▶ [Activity] From the line containing "Impresionantul turn înalt" through the last line of the listing, output each line exactly as it stands. Omit pictures.

▶ [Data below]
□ □ □

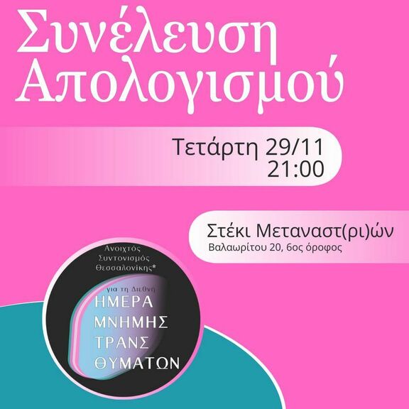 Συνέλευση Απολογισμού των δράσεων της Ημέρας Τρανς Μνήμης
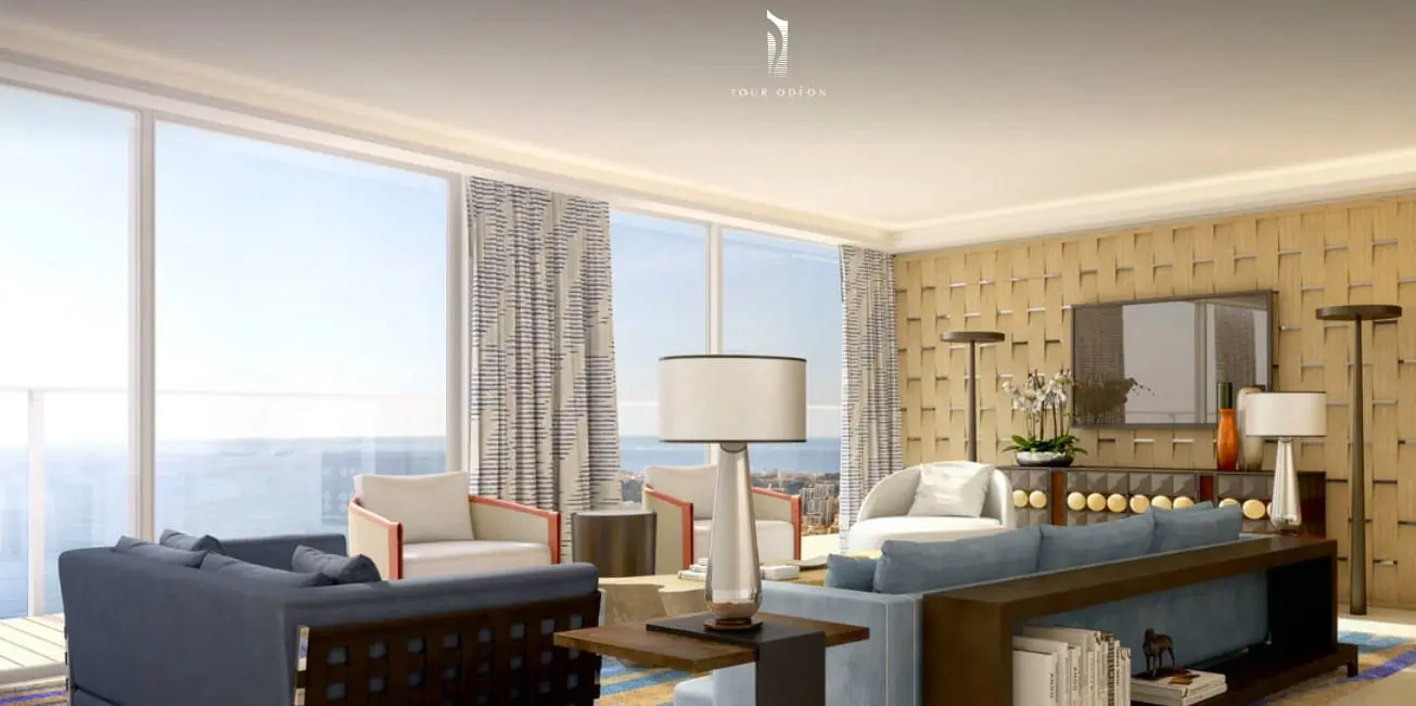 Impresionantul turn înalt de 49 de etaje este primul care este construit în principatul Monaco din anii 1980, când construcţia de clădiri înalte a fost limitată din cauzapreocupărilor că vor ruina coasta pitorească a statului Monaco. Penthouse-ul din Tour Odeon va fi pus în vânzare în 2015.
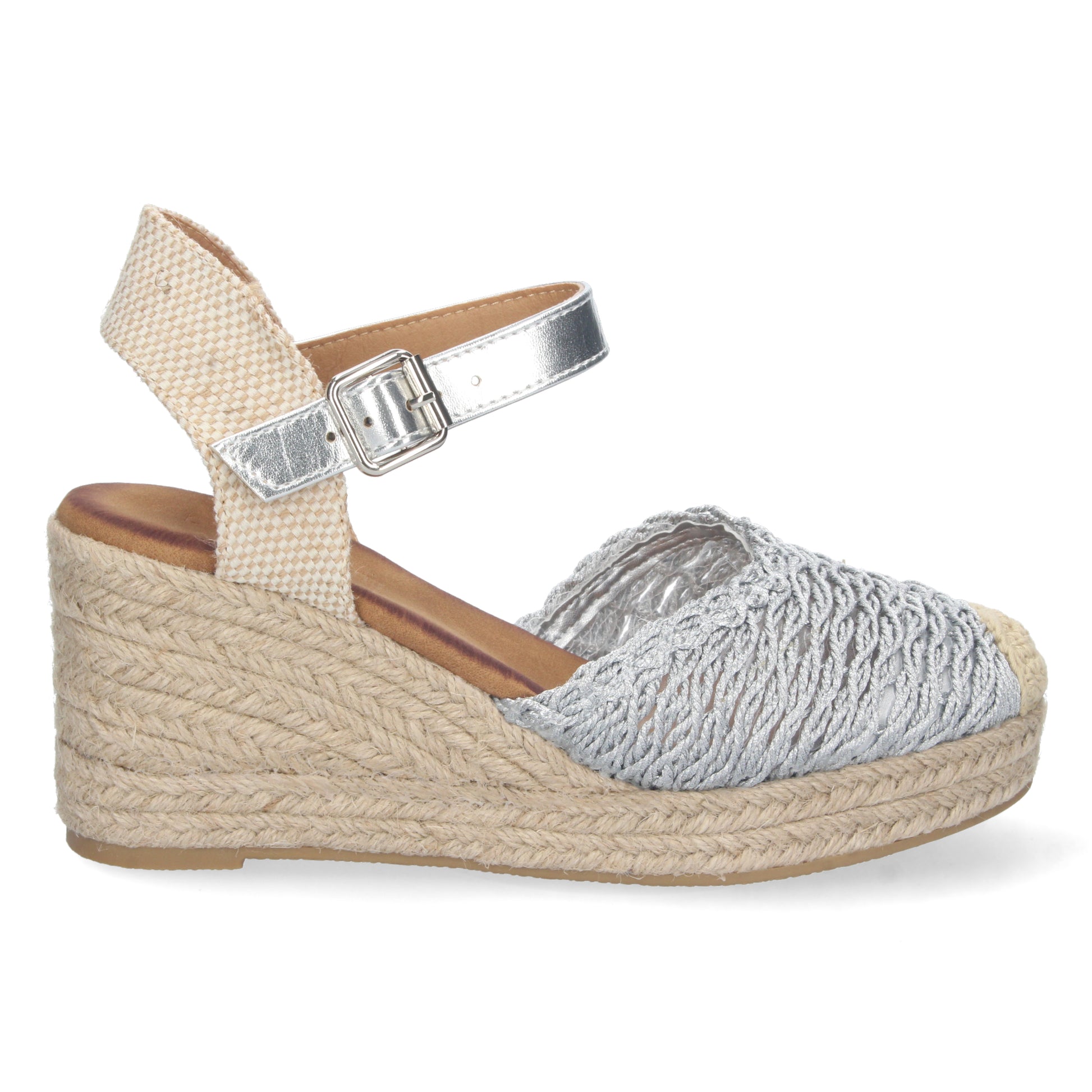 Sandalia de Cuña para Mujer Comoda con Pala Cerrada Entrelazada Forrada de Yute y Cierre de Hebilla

□ □ □

▶ [Written response]
 Impresionantul turn înalt de 49 de etaje este primul care este construit în principatul Monaco din anii 1980, când construcţia de clădiri înalte a fost limitată din cauzapreocupărilor că vor ruina coasta pitorească a statului Monaco. Penthouse-ul din Tour Odeon va fi pus în vânzare în 2015.
 Sandalia de Cuña para Mujer Comoda con Pala Cerrada Entrelazada Forrada de Yute y Cierre de Hebilla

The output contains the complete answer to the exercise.